Former US Navy intelligence and counter-terrorism specialist Malcolm Nance told Newsweek that the Secret Service could "physically remove him" if it came to that.
"They may have to put hands on him to remove him. They may tell him if he doesn't make his flight, he may have to contract his own flight," Nance said.
On January 20, Trump would also lose authority over the US Armed Forces, access to the presidential Air Force One and the bulletproof Cadillac limousine, known as the Beast.
"The transition process is automated. There is no 'do-it yourself' move," Nance said.
"So if he doesn't have a designated place, they'll decide for him. Basically, the systematic things will happen whether he's a willing participant or not."
THERE'S STILL A LOT TO HAPPEN BEFOREHAND
Before Donald Trump can be escorted out of the White House there are a number of steps that need to happen even after the GSA confirms Biden's win, including the resolution of all legal cases.
States have until December 8 to resolve any legal disputes, although this could be extended, according to the National Constitution Center.
The next step is for the members of the electoral college to meet on December 14 to cast their ballots. Generally they do this in line with how their state voted in the presidential election. This is not guaranteed but some states allow votes that aren't loyal to the vote to be disregarded.
Federal law requires electorate college results to be delivered to the Vice President, who is serving as president of the Senate, by December 23 this year.
The winner of the presidential election is declared during a joint session of Congress once electoral votes are counted on January 6 at 1pm.
As each state's results are announced, a member of the House and Senate can jointly object to the result. Congress is adjourned for up to one hour to consider the objection and if it is upheld then the votes are excluded from the election results.

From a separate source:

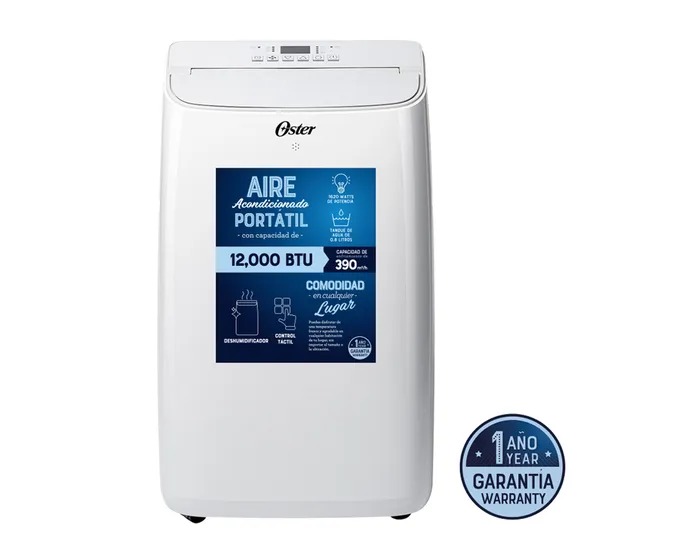 El Aire Acondicionado Portátil OSTER PACPOR1210FWE es un equipo de climatización de capacidad media, diseñado para enfriar eficazmente habitaciones de tamaño estándar (típicamente hasta $mathbf{20},mathbf{m^2}$). Ofrece una capacidad de enfriamiento de 12,000 BTU/h y un diseño 3 en 1 que incluye las funciones de Enfriamiento, Deshumidificación y Ventilación, proporcionando confort en diversas condiciones climáticas. Su formato portátil con ruedas y kit de ventana fácil de instalar lo hace ideal para quienes buscan una solución de aire acondicionado sin instalación permanente.

The certification of the election result on January 6 will be the step that seals Trump's fate.
"If Biden is projected to win and is then formally certified as the winner in the Joint Session of Congress on January 6, he is officially going to be the next president, whether Trump concedes or not," Gilman and Georgetown law professor Rosa Brook told Newsweek.
"Once Biden is sworn in on Inauguration Day, power transfers to him, and the Secret Service will indeed escort former President Trump out of the White House."

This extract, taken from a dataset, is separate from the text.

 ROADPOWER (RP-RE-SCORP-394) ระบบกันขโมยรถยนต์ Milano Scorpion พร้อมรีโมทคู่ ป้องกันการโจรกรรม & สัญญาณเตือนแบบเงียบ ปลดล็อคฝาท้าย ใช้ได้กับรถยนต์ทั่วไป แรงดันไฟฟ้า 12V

However, the situation becomes tricky if there is a dispute over whether someone has actually qualified to take office.
According to The Atlantic, it's possible that disputes could be fought all the way to Inauguration Day.
While the 20th Amendment makes it clear that the President's term will end on January 20, it doesn't set out a process for dealing with a dispute on whether a candidate has qualified to take office.
In this circumstance it's possible that two men could show up to be sworn in.
"We are not prepared for this at all," Princeton professor of history and public affairs Julian Zelizer told The Atlantic.
"We talk about it, some worry about it, and we imagine what it would be. But few people have actual answers to what happens if the machinery of democracy is used to prevent a legitimate resolution to the election."
If no president has been chosen by January 20, the statutory line of succession begins, which means the Speaker of the House becomes president.
This would see Nancy Pelosi serve in the role until Biden is ruled the election winner.
However, Republicans might object to this and it's unclear what could happen if this was the case.
Former democratic senator Donald Betts Jr, who is now a lawyer in Australia, said things will be resolved without Trump having to be dragged out of the White House.
"Before that happens, I believe there will be a leadership team of Republicans to go over to the President and say, Mr President, it's over, Mr President, please pack your bags and you have to leave the White House. You know, he has to leave the office. There's no changing that," he said.